↓↓↓

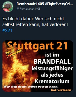 Wie viele meiner jahrelangen Besucher.innen hier fährst du wahrscheinlich mit dem Öffentlichen Nahverkehr daher: Geh nicht in Ballungzentren wie die Stuttgarter Innenstadt wenn du es vermeiden kannst! Bleib lieber Zuhause. Schlimmer als eine „leere Demo“ ist wenn du deshalb ernsthaft krank wirst. Dieses Projekt ist kein einziges Menschenleben wert.
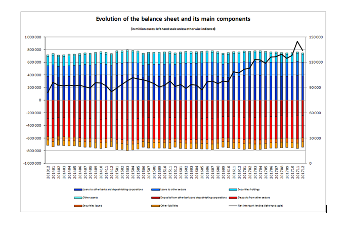 Net interbank lending, that is to say the difference between interbank loans and deposits, reached 134 111 million euros at the end of December 2017.
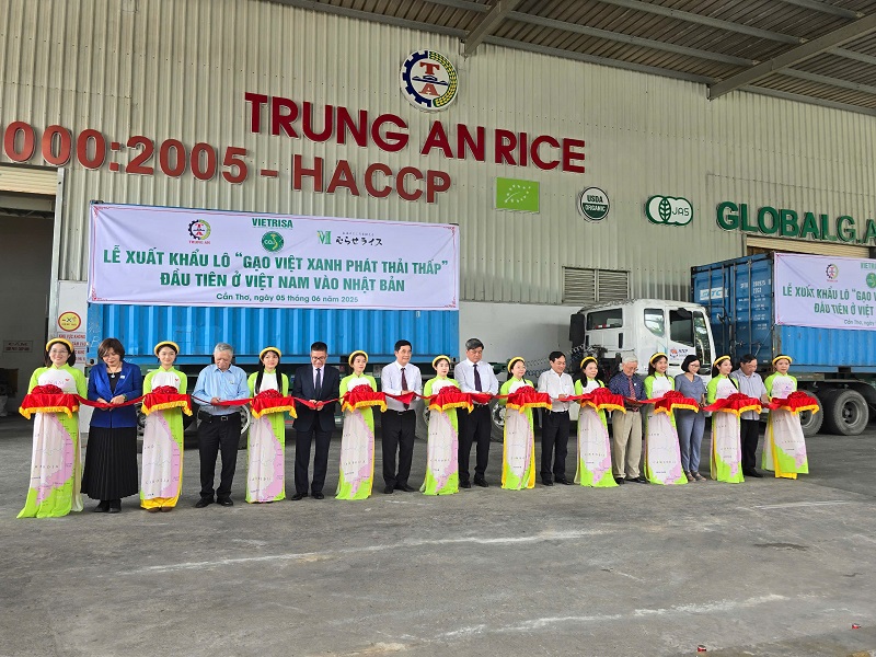 Chiều ngày 5/6 tại Cần Thơ, Hiệp hội Ngành hàng lúa gạo Việt Nam (VIETRISA) phối hợp với Công ty cổ phần nông nghiệp công nghệ cao Trung An tổ chức lễ xuất khẩu lô hàng “Gạo Việt xanh phát thải thấp” đầu tiên sang Nhật Bản.
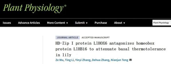 滕年军教授团队在Plant Physiology在线发表了题为“HD-Zip I protein LlHOX6 antagonizes homeobox protein LlHB16 to attenuate basal thermotolerance in lily”的研究论文,揭示了两个HD-Zip I转录因子LlHOX6和LlHB16拮抗调控核心的热响应因子LlHSFA2和LlMBF1c的表达参与百合耐热性建立的机制。
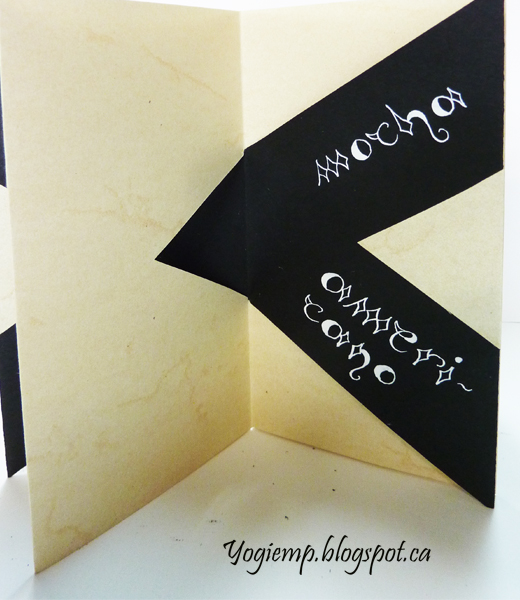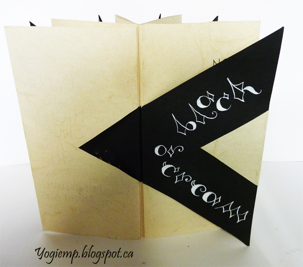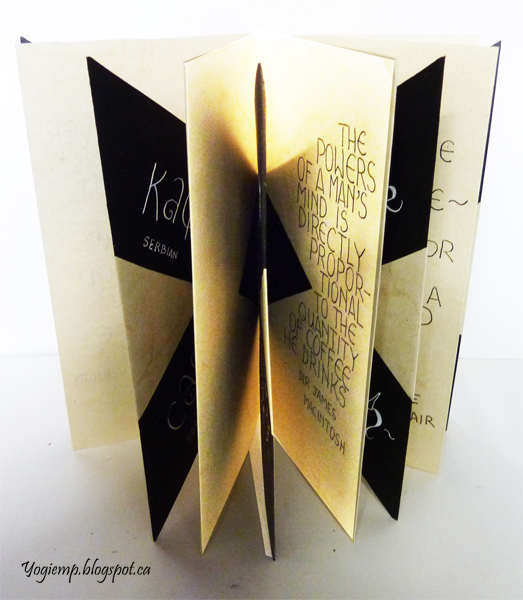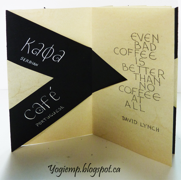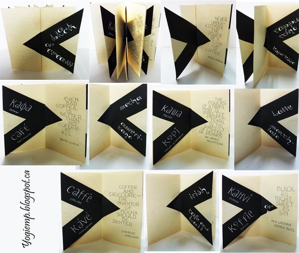 October 21, 2023 Our next challenge for our Art Of The Fold Group was to create this interlocking accordion booklet. I made mine a little bigger. I used the light weight Elephant Hide Paper in black and cream for the accordions.(24" of each color). I re-purposed the little triangle cut outs from the cream paper as a decorative element on the black paper. The funky lettering for the title and coffee names is from Tadelus Wastowicz Type Design. The different languages for coffee names is done in monoline. Both using pointed pen and Bleed Proof white ink. The quotes are a basic monoline with a Juice Up pen instructions can be seen HERE |

↑↑↑

Your copy should hold exactly the lines from the line bearing "Chiều ngày 5/6" through the end of the data, both included, and no pictures or anything further.

● TASK RESULT
 Chiều ngày 5/6 tại Cần Thơ, Hiệp hội Ngành hàng lúa gạo Việt Nam (VIETRISA) phối hợp với Công ty cổ phần nông nghiệp công nghệ cao Trung An tổ chức lễ xuất khẩu lô hàng “Gạo Việt xanh phát thải thấp” đầu tiên sang Nhật Bản.
 滕年军教授团队在Plant Physiology在线发表了题为“HD-Zip I protein LlHOX6 antagonizes homeobox protein LlHB16 to attenuate basal thermotolerance in lily”的研究论文,揭示了两个HD-Zip I转录因子LlHOX6和LlHB16拮抗调控核心的热响应因子LlHSFA2和LlMBF1c的表达参与百合耐热性建立的机制。
 October 21, 2023 Our next challenge for our Art Of The Fold Group was to create this interlocking accordion booklet. I made mine a little bigger. I used the light weight Elephant Hide Paper in black and cream for the accordions.(24" of each color). I re-purposed the little triangle cut outs from the cream paper as a decorative element on the black paper. The funky lettering for the title and coffee names is from Tadelus Wastowicz Type Design. The different languages for coffee names is done in monoline. Both using pointed pen and Bleed Proof white ink. The quotes are a basic monoline with a Juice Up pen instructions can be seen HERE |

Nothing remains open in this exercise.